According to a new study, daily dose of iron during pregnancy can reduce the risk of having an underweight baby.
About 32 million pregnant women in the world suffer from anemia because of low iron levels and this deficiency is mostly seen in women of low or middle income countries.
Experts from the U.S. and the U.K. analyzed data of nearly 2 million pregnant women for the study. These women were part of some 90 studies that looked into the intake of iron during pregnancy and the baby’s health. Studies were of both randomized trial and cohort types. The study found that taking iron supplements (up to 66 mg per day) decreased the risk of anemia by 12 percent and that of having an underweight baby by 3 percent. The World Health Organization recommends that anemic women take 60 mg of iron supplements per day.
Results of the study revealed that iron supplements increased the average hemoglobin levels and significantly reduced risk of anemia in children.

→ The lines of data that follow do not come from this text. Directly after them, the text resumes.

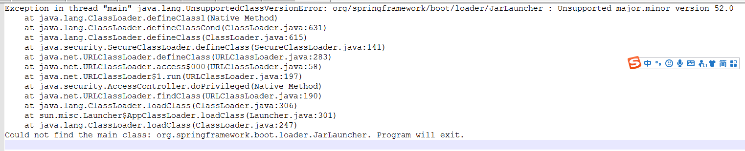 这个问题其实因为较高版本的jdk编译出来的java class文件在较低版本上的jdk上运行导致的。
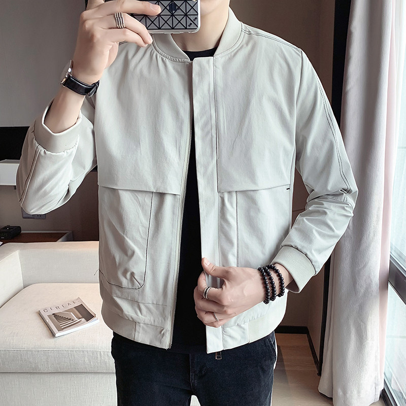 Spring and Autumn Casual All-match Jacket Men's Fashion Trend Zipper Jacket Men's Slim Fit Handsome Workwear Tops Men
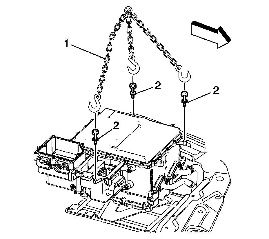 1. Attach a lifting device (1-2) to the drive motor generator control module assembly at the three identified locations.
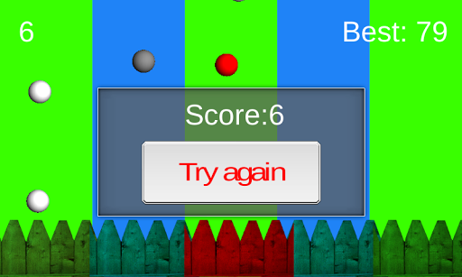 In this game screen is divided into 5 parts. There are coloured balls falling down. Your objective is to touch parts of the screen in the same order in which white balls will touch the fence on these parts of the screen. (don't care about not white balls). Warning: game isn't easy :)
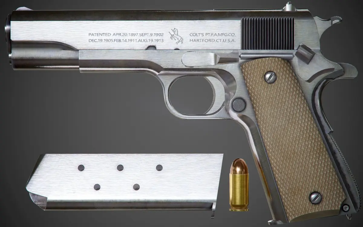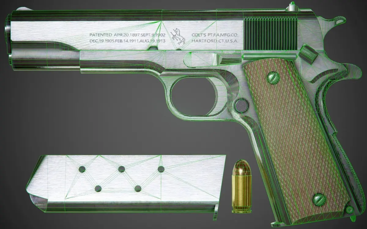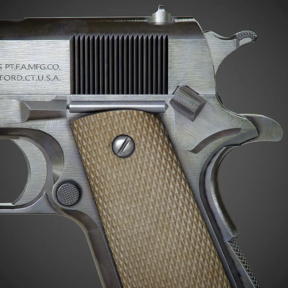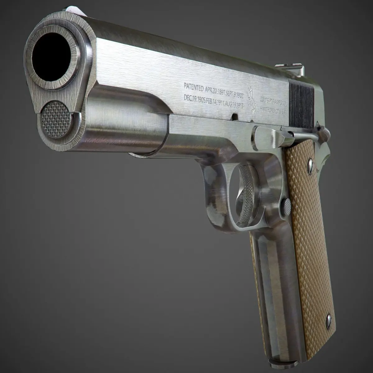 High quality model of the famous pistol Colt M1911 A1 with extra detail textures. Modification with chromium-plated metal.Used by the US Army during the WWII.
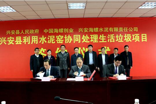 近日,海螺創(chuàng)業(yè)與興安縣人民政府正式簽署《利用水泥窯協(xié)同處理生活垃圾項目投資協(xié)議》。該項目日處理能力達300噸/天,力爭一年建成投運。
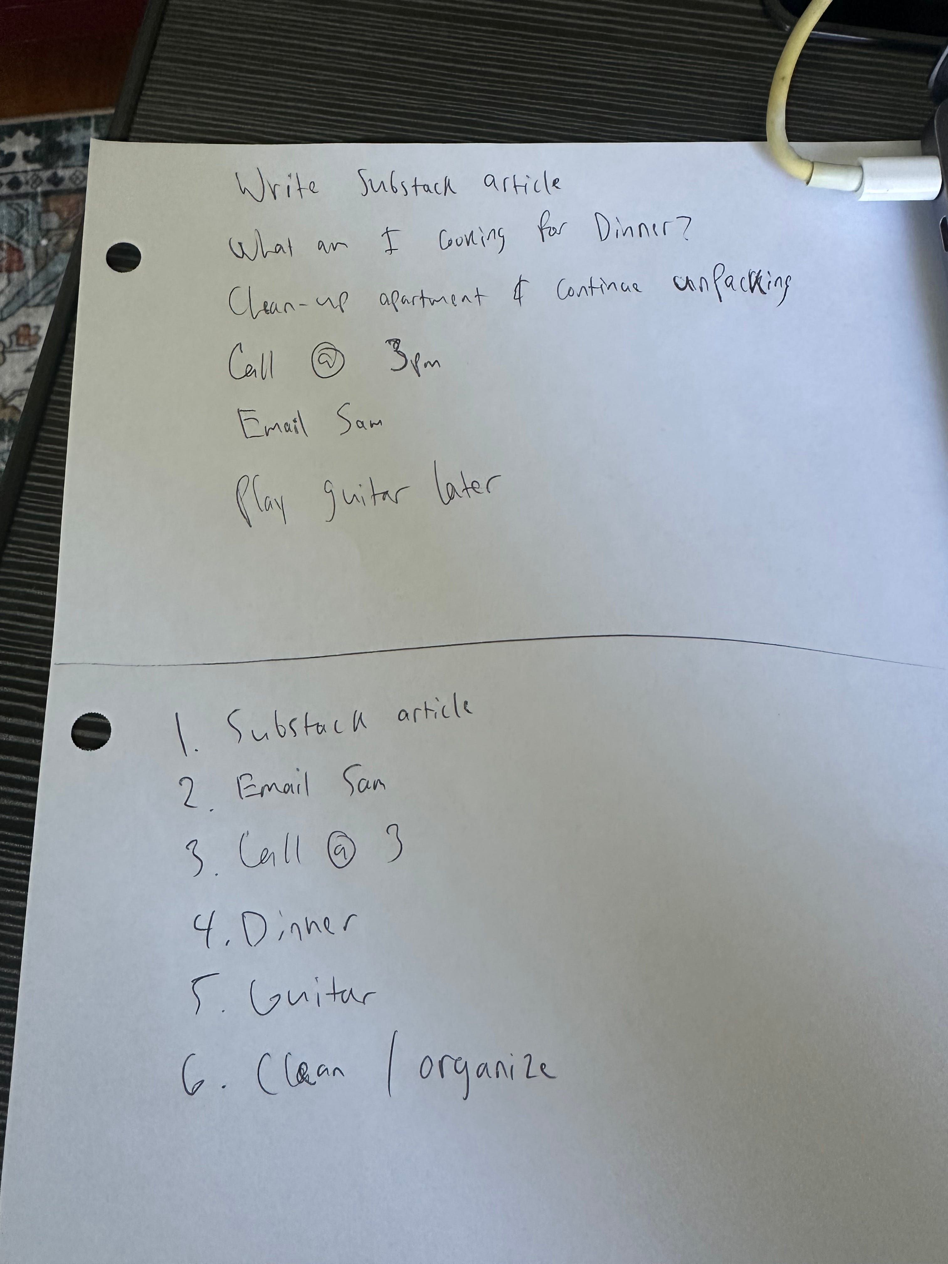 I did this on behalf of myself. As you can see in the first half of the page, it's all of the things running through my mind. Some work-related tasks, some personal things like cleaning up/organizing my apartment, some personal stuff like playing guitar, and some random thoughts like what I want to eat for dinner. This activity is discrimination-free; just get all of the ideas out of your head and onto the paper.

“Our findings suggest that use of iron in women during pregnancy may be used as a preventive strategy to improve maternal hematological status and birth weight,” the authors said. They have now called for a “rigorous evaluation of the effectiveness of existing antenatal care programs in high burden countries to identify gaps in policy and program implementation.”
Women in the United States or the United Kingdom presently aren’t given any iron supplements unless they are diagnosed with anemia. Pregnant women must consult their gynecologist before using any dietary supplements.
The study is published in the journal BMJ.